How we built Cleanlab Vizzy

Cleanlab Vizzy is an interactive visualization of confident learning — a data-centric AI family of theory and algorithms for automatically identifying and correcting label errors in your datasets. Confident learning enables you to train a model on bad labels that’s similar in performance to the model you would have had if you had trained on error-free data.

We built our company using confident learning and wanted to illustrate one of the primary algorithms of the field for a wider audience – we’ll refer to this as the “Cleanlab algorithm”. This post first introduces the intuition and theory behind the algorithm and then delves into how we built an in-browser visualization of it finding errors in a small image dataset.

Background

Briefly, the Cleanlab algorithm involves:

(1) Generating out-of-sample predicted probabilities for all datapoints in a dataset: We train on a dataset’s given labels with 5-fold cross-validation to obtain these probabilities.

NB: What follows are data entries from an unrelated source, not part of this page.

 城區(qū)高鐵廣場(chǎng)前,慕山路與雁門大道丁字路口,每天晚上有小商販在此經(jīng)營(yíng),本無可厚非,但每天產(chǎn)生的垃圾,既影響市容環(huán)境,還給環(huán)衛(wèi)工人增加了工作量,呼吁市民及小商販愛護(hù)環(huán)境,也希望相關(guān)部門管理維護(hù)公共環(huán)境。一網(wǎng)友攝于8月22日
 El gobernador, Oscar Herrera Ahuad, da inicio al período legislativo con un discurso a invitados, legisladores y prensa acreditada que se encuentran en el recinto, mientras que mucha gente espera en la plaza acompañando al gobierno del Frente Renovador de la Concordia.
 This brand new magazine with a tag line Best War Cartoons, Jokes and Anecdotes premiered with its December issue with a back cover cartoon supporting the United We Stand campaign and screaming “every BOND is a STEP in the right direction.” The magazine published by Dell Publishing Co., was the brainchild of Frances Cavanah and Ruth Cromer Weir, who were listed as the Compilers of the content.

(2) Computing percentile thresholds for each label class based on the predicted probabilities: Comparing predicted probabilities against per-class percentile thresholds can be informative. By percentile threshold, we mean that for some label class, we aggregate the corresponding predicted probabilities for that class for all datapoints that have that given label. Using these probabilities, we can compute values at each percentile (e.g. the median value is at the 50th percentile) and use these as thresholds.

Intuitively, these thresholds can be used to distinguish which datapoints are more or less likely to have a given label:

For example, datapoints with class probabilities exceeding a high class percentile threshold are more likely to have the corresponding class label.
Conversely, datapoints with class probabilities below a low class percentile threshold are unlikely to have the corresponding class label.

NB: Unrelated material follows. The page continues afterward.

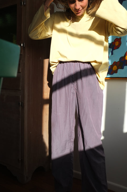 Scrunchie Pants – Blue and Red Pin Stripe

For a specific datapoint, if its predicted probability is below this low percentile threshold for each class, it may be the case that the datapoint belongs to none of the classes, i.e. it is out of distribution.

That’s all you need to know to understand the rest of this post.

I want to know more about the theory! (click to expand)

Consider an image dataset with millions of images labeled cat, dog, or bear. Unfortunately, like most datasets, some of these given labels may be incorrect — e.g., the dataset contains an image of a cat but the given label is bear, and another image of a dog but the given label is cat, etc. Because there are millions of images, we can’t check them all by hand without using an automated algorithm like cleanlab.

Each image has some true label $y_{true}$ , but the given label $y$ in the dataset may not match the true label, i.e. $y \neq y_{true}$ . For example, an image of a Golden Retriever has a true label dog, but may have been given the label cat due to human error or other factors. The Cleanlab algorithm (aka the Confident Learning algorithm) is a framework for identifying and correcting these label errors.

How does it work? Consider an approach where we train an image classifier on a dataset. For every image, the model outputs a predicted label $y_{pred}$ and a set of predicted probabilities $P(y|x)$ that sum to 1, where each probability corresponds to the model’s confidence that the image $x$ belongs to some class $y$ (i.e. that $y$ is a good label for image $x$ ). For example, given an image of a Golden Retriever, the model may output the predicted label $y_{pred} = dog$ with predicted probabilities $\begin{bmatrix} 0.8 & 0.1 & 0.1 \end{bmatrix}$ , where the probabilities correspond to the model’s confidence that the image is a dog, cat, or bear, respectively. In this example, the model is 8 times more confident that the image is of a dog than a cat or a bear.

A naive approach

One of the simplest approaches to find label errors in a dataset is to compare the predicted label against the given label. If they differ then we say that there is a label error. While this may work for some examples, there are two major shortcomings with this approach.

First, it does not take into account the model’s confidence. $y_{pred}$ is simply the label with the highest predicted probability, but the model may not be very confident in its prediction. Consider an image $x$ labeled as cat where the model outputs predicted probabilities $\begin{bmatrix} 0.34 & 0.33 & 0.33 \end{bmatrix}$ . Even though $y_{pred} = dog$ , the model is not very confident in its prediction, and so we may not want to say there’s a label error.

The second major shortcoming with this approach is that a model may be much more confident in some classes than others, but this approach doesn’t take that into account. For example, let’s say the model predicts a probability of 0.90 for class dog on average across all dog-labeled images, but predicts 0.35 for class cat across all cat-labeled images. Now say you have an image with probabilities $\begin{bmatrix} 0.50 & 0.49 & 0.01 \end{bmatrix}$ for dog, cat, and bear. Clearly, the model is relatively more confident in cat than dog if we take into account the average class confidence, but this naive approach would just assume the true label should be dog (even though 0.50 is much lower than 0.90, the average of other images labeled dog).

The Cleanlab approach

Instead of relying only on the predicted label, it would be better if we could use the predicted probabilities to assess whether the model is especially confident in a predicted label. This motivates the introduction of class thresholds, where for each class, we compute a threshold based on the mean of the class probability for all images that have that class as the given label. These class thresholds will address both shortcomings mentioned above.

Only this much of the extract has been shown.